# Can one want to believe but can't?



## MichaelGao (Aug 19, 2010)

A nonbeliever friend of mine struggles with this. She wants to believe, but is doubtful of the "supernatural" and "miraculous". Genesis stories, resurrection, Jesus being God-man..etc.

In a practical counselling context. 
For such a one, is the only help we can give is to pray?
What advice would you give? 

Also in a theological context what do you think about people who want to believe, yet ending up unable the whole time. Their "desire" to believe...would you classify it as the "rocky ground" in Matt 13. And they just desire to have the "life" of the believers in some way, yet being blind to Christ in his glory.

Any individuals you personally knew that went through this stage before conversion? Or still going through.


----------



## Scott1 (Aug 19, 2010)

MichaelGao said:


> A nonbeliever friend of mine struggles with this. She wants to believe, but is doubtful of the "supernatural" and "miraculous". Genesis stories, resurrection, Jesus being God-man..etc.
> 
> In a sense, it is right to pray for (saving) faith, because that at least recognizes that it is a gift of God, not of our own doing (cf Ephesians 2:8,9). The (saving) faith has elements of (_noticia_) awareness _(asensus)_, assent , and transference of reliance (_fiducia_)
> 
> ...


.


----------



## BobVigneault (Aug 19, 2010)

We can take a lesson from the Prodigal Son here.
Lk 15:14 14 And when he had spent everything, a severe famine arose in that country, and he began to be in need.
Lk 15:17 17 “But when he came to himself..."

We can debate and even create a desire in a person through the art of persuasion and reason but until the person begins to sense, to feel, to suffer a need for God's mercy, then we can only teach and pray. Hopelessness is the pre-requisite to true salvation. Unless one realizes that their need is great but that any effort they make will earn them nothing they won't cry out for mercy. God always hears the cry for mercy (Matt. 20:29-34)

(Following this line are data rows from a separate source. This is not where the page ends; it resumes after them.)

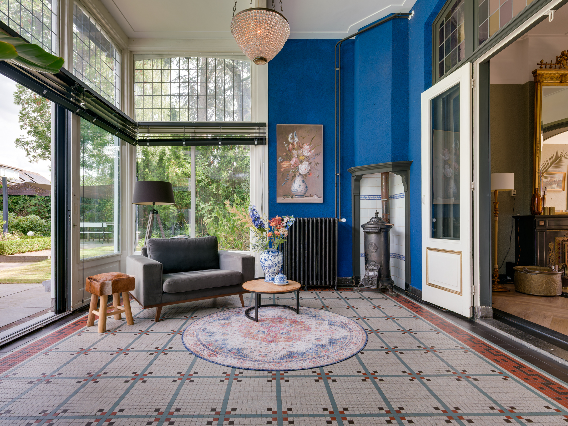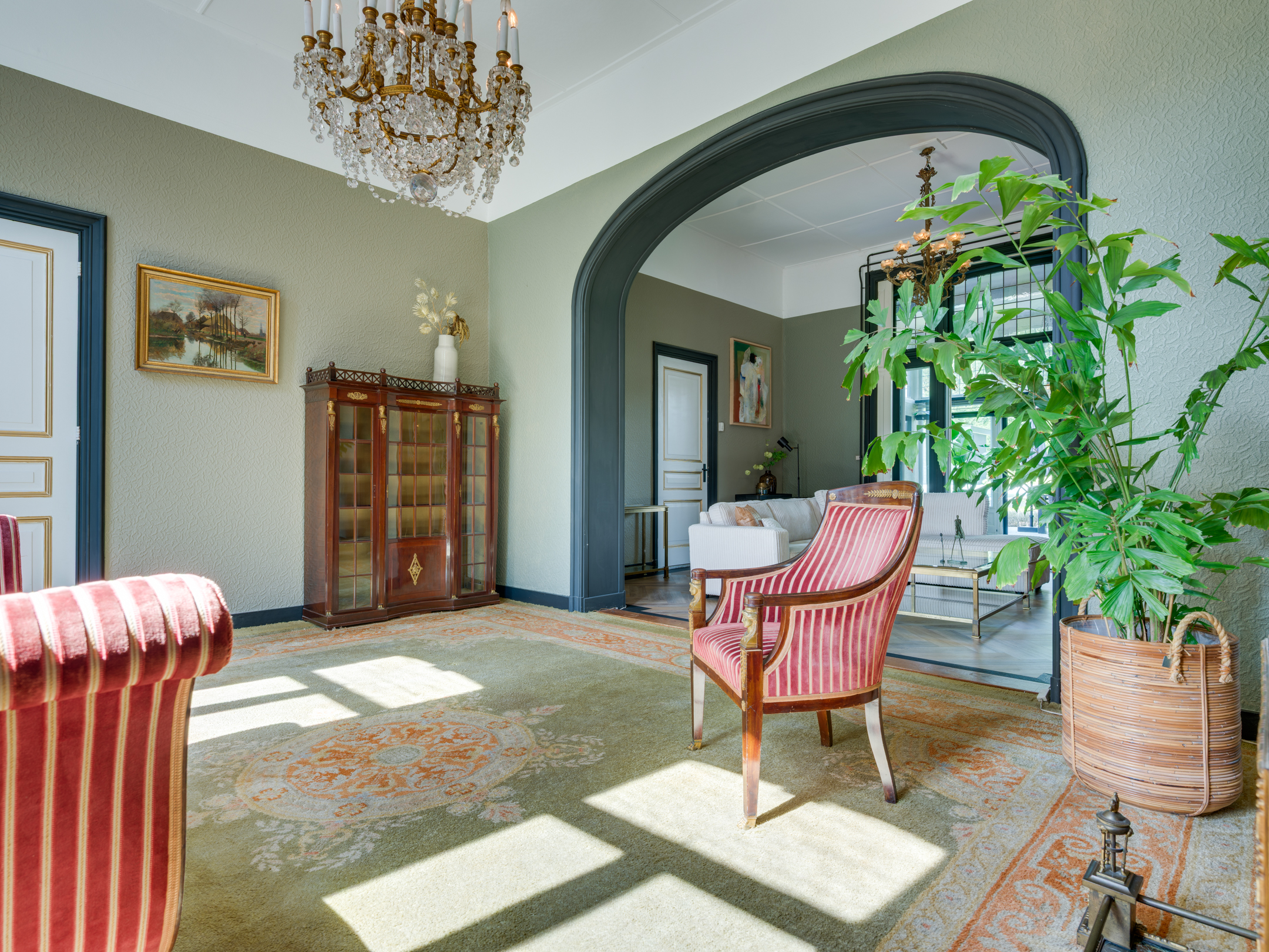 A grand living room with en suite salon, seamlessly connected to the garden room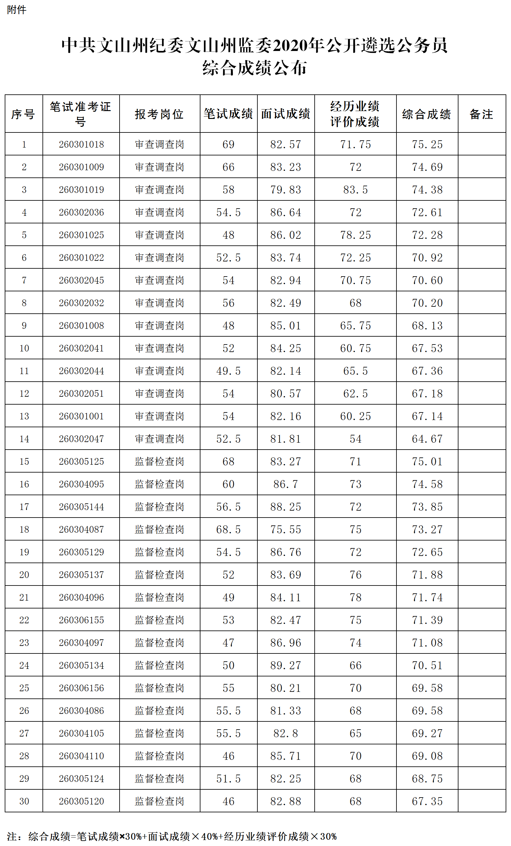 中共文山州紀(jì)委文山州監(jiān)委2020年公開遴選公務(wù)員綜合成績(jī)公布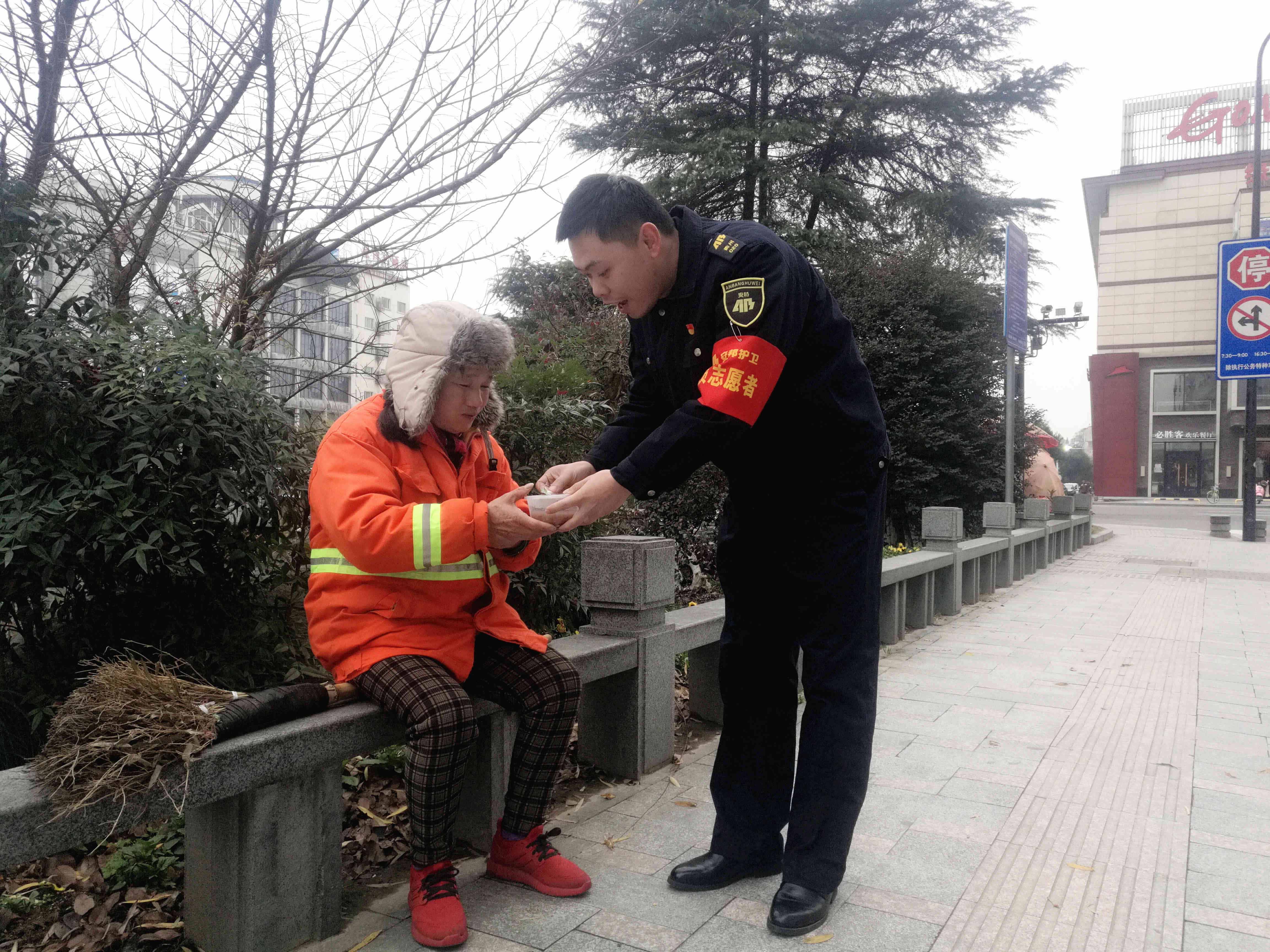 党员志愿者们先后来到文明示范街——上下街及周边街道,为忙碌在工作岗位上的环卫工人、交警、公安、城管等工作人员送上热气腾腾的粥品。他们吃着香甜的腊八粥,脸上洋溢着幸福的笑容。

One must realize their utter sinfulness and God's infinite holiness and the absolute helplessness on our part to reconcile the two. Our mental assent can only take us part way, we are saved when we fall in total exhaustion on the mercy of God in Christ through the quickening of the Holy Spirit. Give a defense of the hope that you have and pray that God will remove the scales from her eye and give her a heart of flesh. Praying with you.


----------



## jwithnell (Aug 19, 2010)

I've seen this from two sides: in my own life, I went through a really dark spiritual time, and understanding the sovereignty of God, realized there was nothing I could do to make God accept me as one of the elect. Repentance and time in the word -- accepting God's word at face value -- eventually built assurance. It took several years. Not easy.

On the other hand, our second oldest talked along similar lines to what you are describing. And she has yet to embrace Christ, indeed seems to be running in the opposite direction. My suspicion: she wanted to pursue the world and used what she knew of the scriptures to defend her decision.

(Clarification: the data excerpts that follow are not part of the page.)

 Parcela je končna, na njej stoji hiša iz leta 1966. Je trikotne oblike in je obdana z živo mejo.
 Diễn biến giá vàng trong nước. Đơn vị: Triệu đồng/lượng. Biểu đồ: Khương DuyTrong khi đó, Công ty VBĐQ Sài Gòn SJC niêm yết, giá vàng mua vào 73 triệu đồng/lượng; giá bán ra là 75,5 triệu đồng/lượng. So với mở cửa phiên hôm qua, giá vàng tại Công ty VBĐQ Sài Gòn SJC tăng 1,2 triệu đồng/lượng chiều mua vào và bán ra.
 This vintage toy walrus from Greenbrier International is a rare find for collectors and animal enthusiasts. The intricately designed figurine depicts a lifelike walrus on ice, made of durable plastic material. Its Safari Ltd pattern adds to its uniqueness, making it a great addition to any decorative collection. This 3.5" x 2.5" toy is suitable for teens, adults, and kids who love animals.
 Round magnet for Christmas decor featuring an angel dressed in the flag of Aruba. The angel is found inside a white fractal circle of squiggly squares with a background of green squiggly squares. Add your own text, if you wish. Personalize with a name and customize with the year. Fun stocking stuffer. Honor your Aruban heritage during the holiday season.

We can't know how your friend is proceeding. Prayer is certainly the order of the day, that God would give her a heart of flesh, and/or build the weak faith that is already there. I would encourage your friend to read the scriptures with an open mind and heart. Perhaps you could find a time to go over her readings with you? I would not major on the minor (six day creation) and would admit to the difficulty in understanding the incarnation. It might be refreshing for her to hear the Christians don't know it all: that some topics are beyond human understanding (explain the Trinity in three paragraphs or less!), but that we take at face value what is recorded in scripture. Pray, and let the Holy Spirit do the rest. It's all we can do.


----------



## Peairtach (Aug 19, 2010)

It is because Man's sin problem is in the will, the ''can't'' is a ''won't'' and _vice versa_, that his lack of faith is morally culpable.

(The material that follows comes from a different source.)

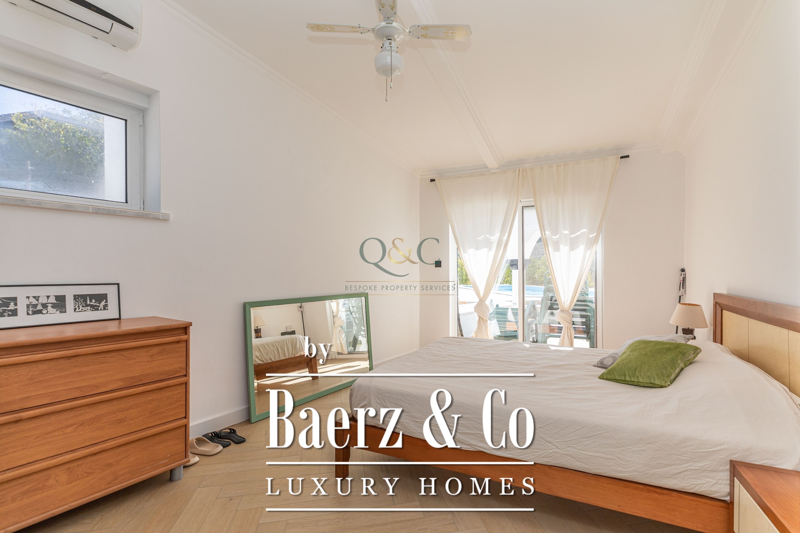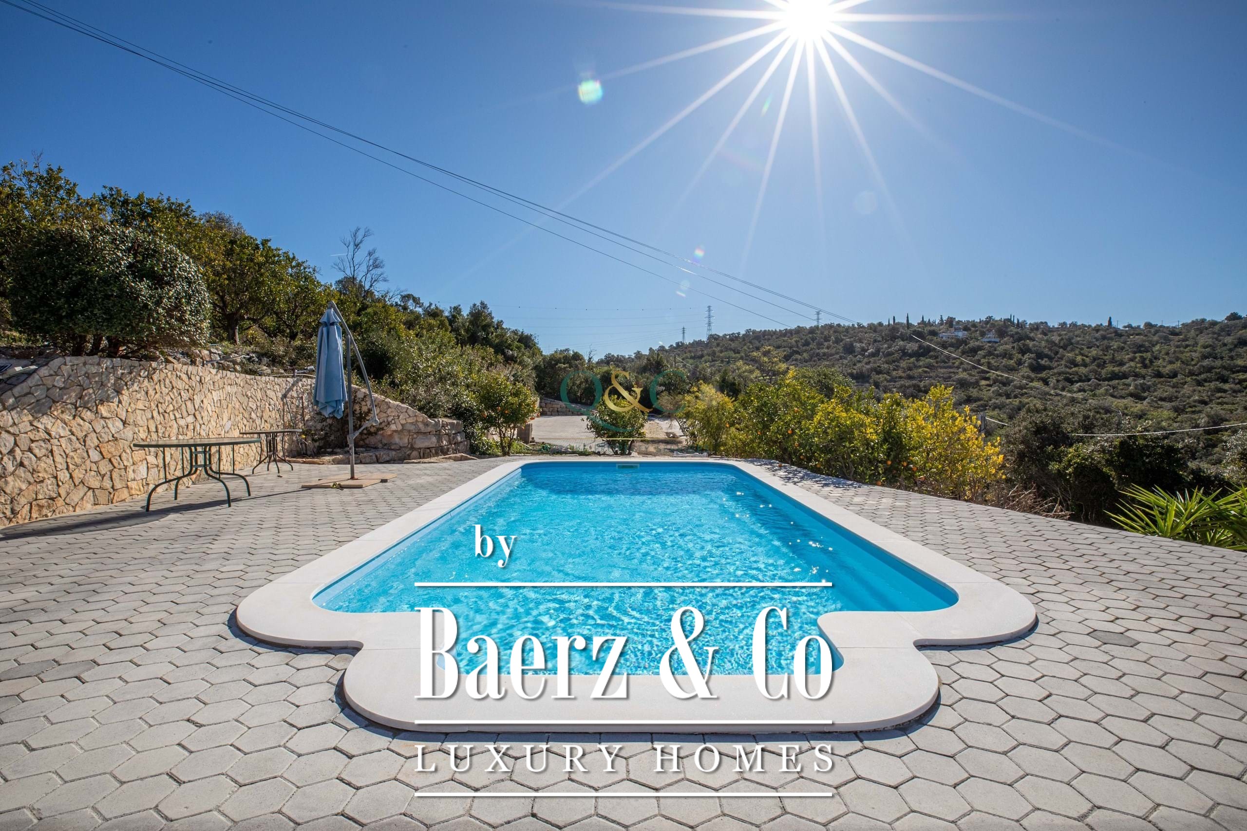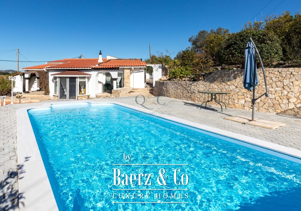 Outdoors, the 7,560 m² plot is thoughtfully landscaped, with citrus trees, newly built terraces, and a saltwater pool creating multiple zones for relaxation and entertaining. An external kitchen area and barbecue extend the possibilities for alfresco living. Privacy is preserved by a designated natural area, and the grounds are serviced by a private well and shared borehole, automatic irrigation, and double gated access. Positioned within easy reach of Estoi, São Brás de Alportel, and Faro, and just fifteen minutes from the coast and international airport, this villa balances rural calm with essential connections. Detached villa Estoi offers a rare invitation to experience Algarve life with both seclusion and convenience.

E.g. if a man or woman couldn't come to Christ because they didn't have legs then they'd have a valid excuse for their unbelief. 

But the inability is in the will which means that they are morally culpable for it, because when they say that they can't believe, they could also say that they sinfully _won't _believe.

There's no excuse for the sin of unbelief. If a man's heart was morally right with God he/she would believe.

We have to keep emphasising this when doing apologetics, lest people get the notion that their unbelief is due to some intellectual lack in knowledge. And yet at the same time the Spirit can use the proclamation of the Gospel and good arguments to convert the will.



> A nonbeliever friend of mine struggles with this. She wants to believe, but is doubtful of the "supernatural" and "miraculous". Genesis stories, resurrection, Jesus being God-man..etc.



When we're converted we experience a ''miracle'' of new birth that is related to Christ's resurection - is a product of Christ's resurrection and its power - which means thart we can accept miracles, if we haven't before. 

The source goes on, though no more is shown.